Benge and Olsen were kept moving. Their bodies were covered with sores, and they had pyorrhea from beri-beri. Their teeth were loosening and gums infected. They spent a lot of time talking about good meals and good places to eat, planning to visit their favorite restaurants together when they went home. They moved every two or three days.

Benge and Olsen were moved near Tay Ninh Province, almost to Da Lat, then back to Quang Duc Province. Olsen was getting weak, and the Vietnamese began to kick and drag her to keep her moving. Benge, trying to defend her, was beaten with rifle butts.

Just before crossing the border into Cambodia, Olsen weakened to the point that she could no longer move. Ironically, in this area, near a tributary to the Mekong River, fish and livestock abounded, and there was a garden, but the food was denied to the prisoners. They were allowed to gather bamboo shoots, but were not told how to cook them. Bamboo needs to be boiled in two waters to extract an acid substance. Not knowing this, Olsen and Benge boiled their food only once and were beset with immobilizing stomach cramps within a half-hour; diarrhea soon followed.

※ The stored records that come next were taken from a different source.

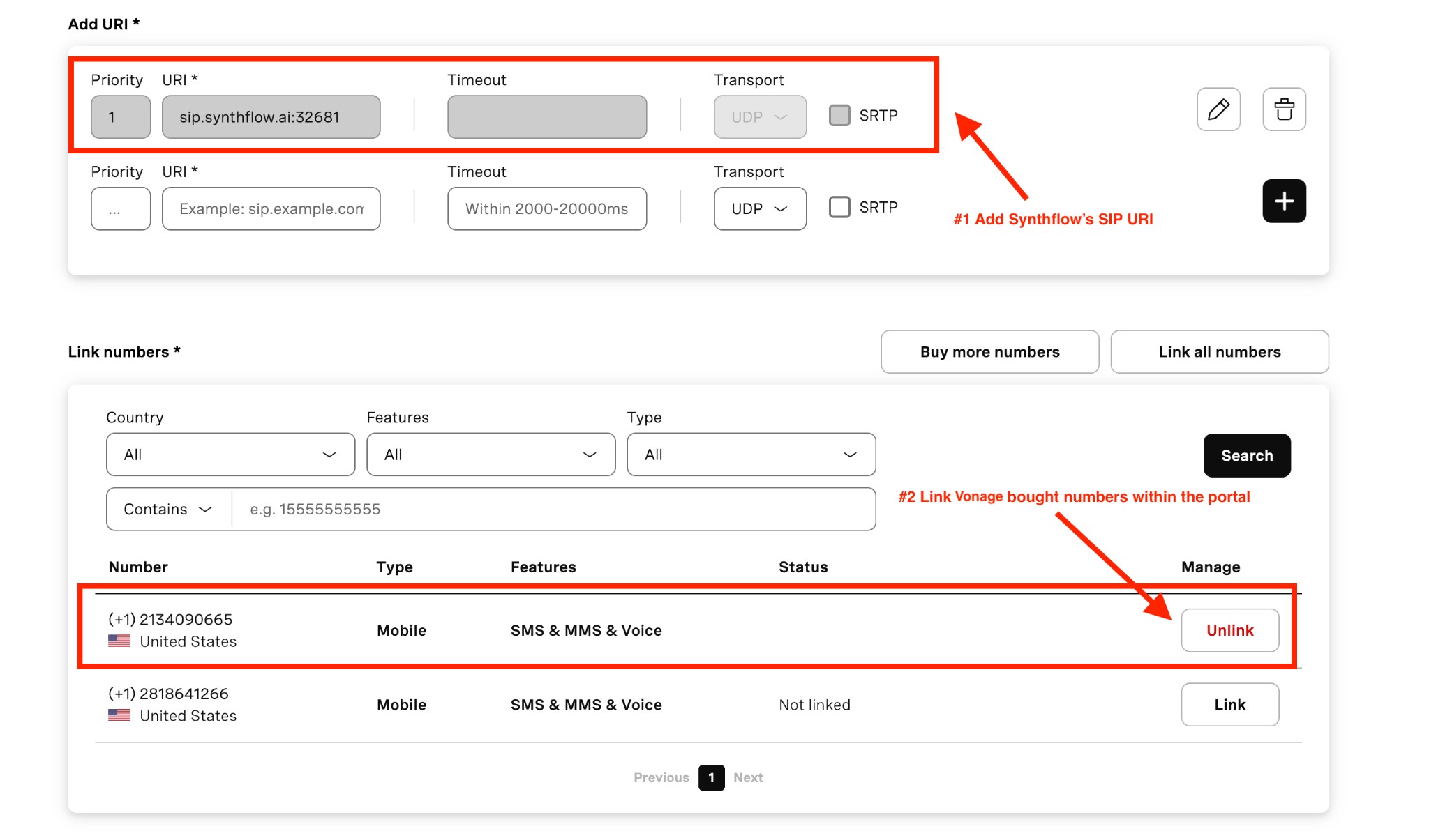 Step #5: Add Synthflow’s SIP URI and Link Numbers
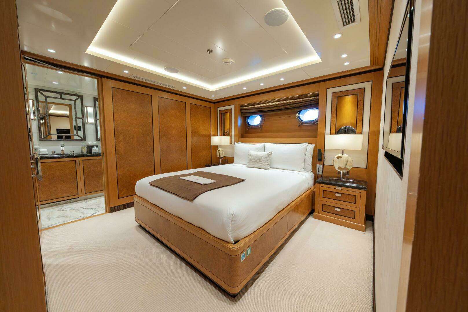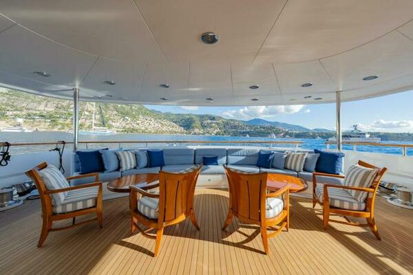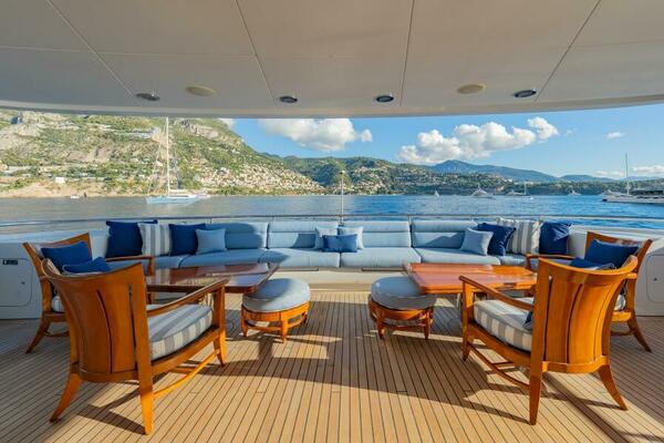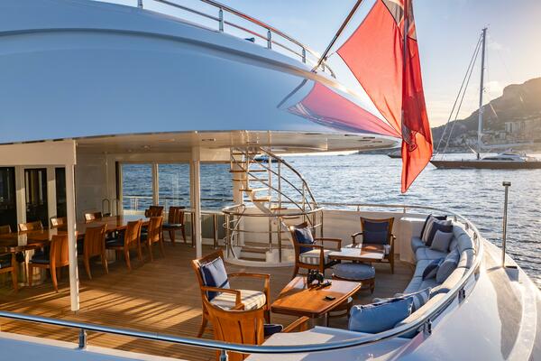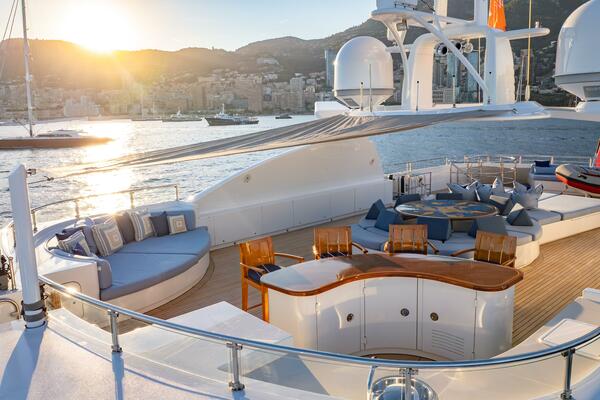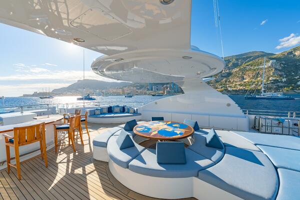All the way forward, the jacuzzi commands a spectacular vantage point and is flanked by two private seating niches—perfect hideaways that stay connected to the energy of the deck without being exposed.
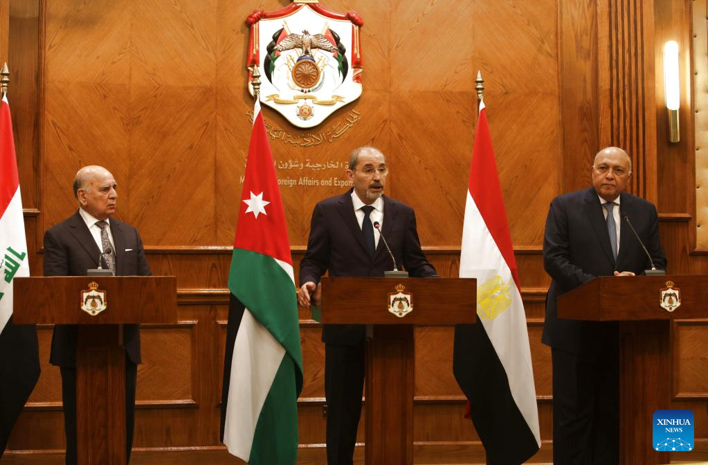 AMMAN, Dec. 7 (Xinhua) -- The foreign ministers of Jordan, Egypt and Iraq held a meeting Wednesday in the Jordanian capital to discuss ways to boost the trilateral cooperation.
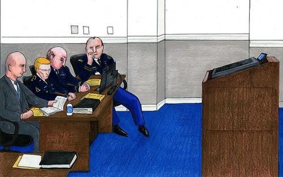 According to live reporting from Kevin Gosztola of FireDogLake, the infamous "Collateral Murder" video depicting a 2007 Apache helicopter attack on a group of unarmed civilians in Baghdad--which Manning leaked to WikiLeaks--was played during the hearing today, despite objections from the prosecution that the video was "not relevant."
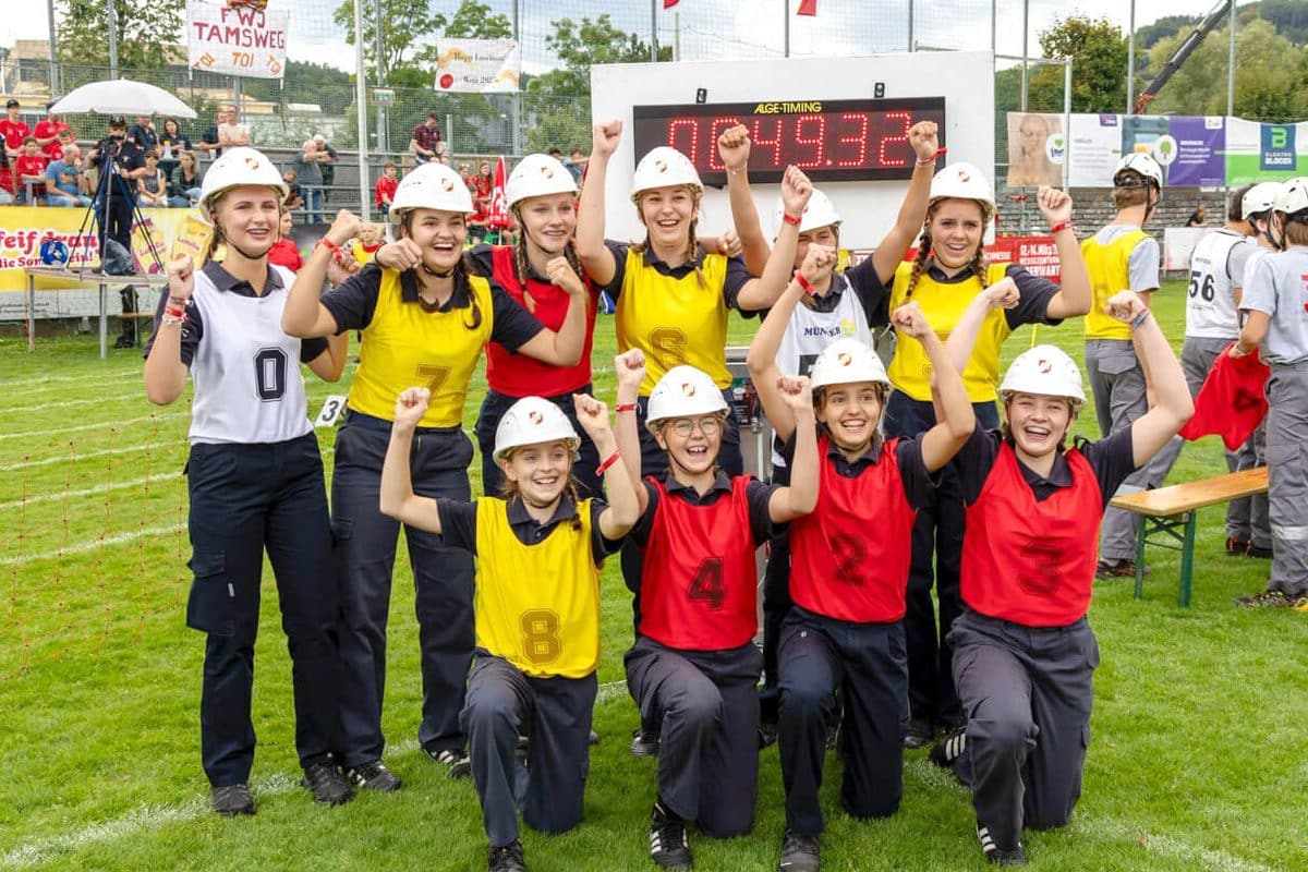 Die Feuerwehrjugend von Hollenthon feiert zwar erst nächstes Jahr ihr 50. Jubiläum, Grund zum Feiern gab es aber schon jetzt. Denn erstmals ist es heuer aufgrund der großen Anzahl von jungen Nachwuchs-Feuerwehrfrauen möglich gewesen, mit einer reinen Mädchenmannschaft bei den Bewerben anzutreten – und das mit sensationellem Erfolg. Mit ihren Landessiegen in den Wertungsklassen Bronze und Silber haben sie sich für den Bundesbewerb in Weiz qualifiziert und zeigten dort ihr Können. Auf der Hindernisbahn (49,32 Sekunden) und beim Staffellauf (82,22 Sekunden) legten sie zwei fehlerfreie Läufe hin. Mit exakt 1045,56 Punkten holten sie sich in der Wertungsklasse Mädchen den zweiten Platz und sind somit Vize-Staatsmeisterinnen.

Betty Ann Olsen weakened and finally died September 29, 1968 (Vessey information indicates this date as September 26), and was buried by Benge.

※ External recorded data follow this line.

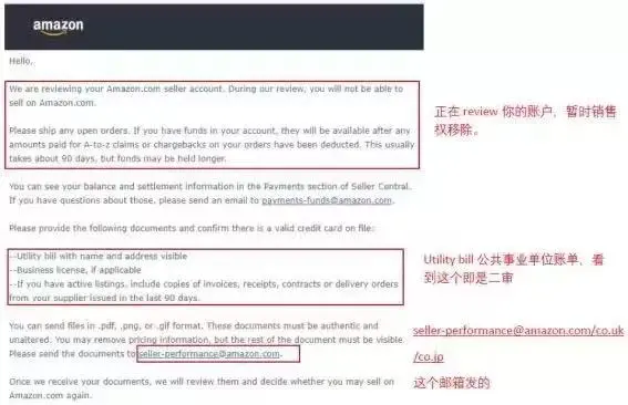 首先,“二审”并非所有卖家都要经历的,只有一部分卖家朋友会收到这样的邮件。当卖家收到账户被停用的提示,需要提交“水电煤网”账单时,这就是遇到“二审”了。
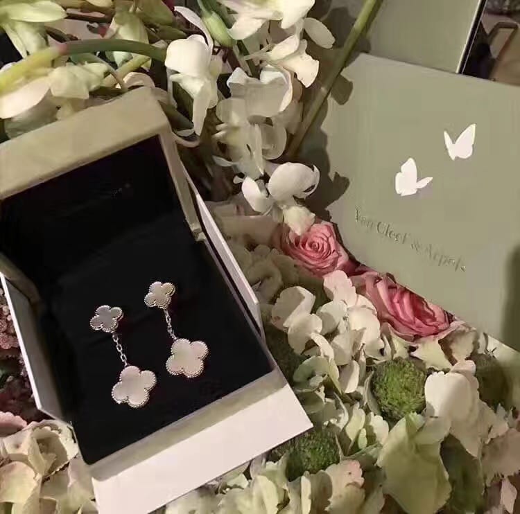 最新 白贝壳四叶草 Van Cleef &Arpels耳钉
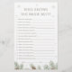 Lámina Winter Baby Shower Who Knows The Bride Best Game
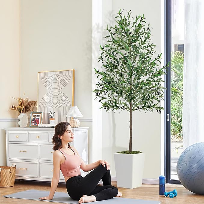 • Lifelike Artificial Olive Tree: This realistic olive tree features natural wood trunks, lifelike leaves, and detailed faux olives. Crafted from high-quality silk, it’s designed to maintain its vibrant appearance over time without fading, warping, or shedding. Plus, it’s pet-friendly, making it ideal for families with pets
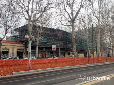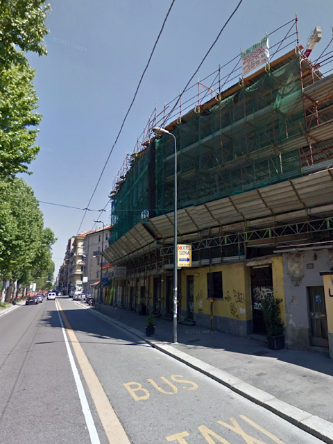 Pare sia così da mesi. Forse un sopralzo ancora da iniziare; o la riparazione del tetto. L’edificio ad un piano di fine ottocento che per anni ha ospitato fra le varie cose anche i locali della storica discoteca Plastic, è nascosto da impalcature di cui non si conosce la finalità.
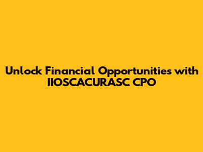 Key Financial Opportunities with IIOSCACURASC CPO
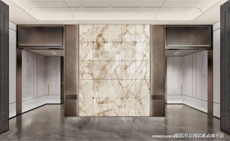 酒店式精妆双大堂设计,挑高敞阔格局,引入造型背景墙,金属与石材结合,点滴之间皆为金茂匠心。专属电梯厅,高规格入户仪式。

Finally, Benge was taken to Cambodia, then turned over to the North Vietnamese, and spent over three years in camps there, including a total of twenty-seven months in solitary confinement. Upon his return, he verified collaboration charges against eight of his fellow POWs, in a prosecution effort initiated by Col. Theodore Guy (this action was discouraged by the U.S. Government and the effort was subsequently abandoned.) Mike Benge then returned to Vietnam and worked with the Montagnards until the end of the war.

The Vietnamese have never attempted to return the remains of Henry Blood and Betty Olsen. They are two individuals that the Vietnamese could provide a wealth of information on. Since they pride themselves on being "humanitarians," it would not be in keeping with this image to reveal the horror Olsen and Blood endured in their hands. It is not surprising, then, that the Vietnamese have not publicly told their stories.

Source: Compiled by Homecoming II Project 30 April 1990 from one or more of the following: raw data from U.S. Government agency sources, correspondence with POW/MIA families, published sources, interviews. Updated by the P.O.W. NETWORK 1998.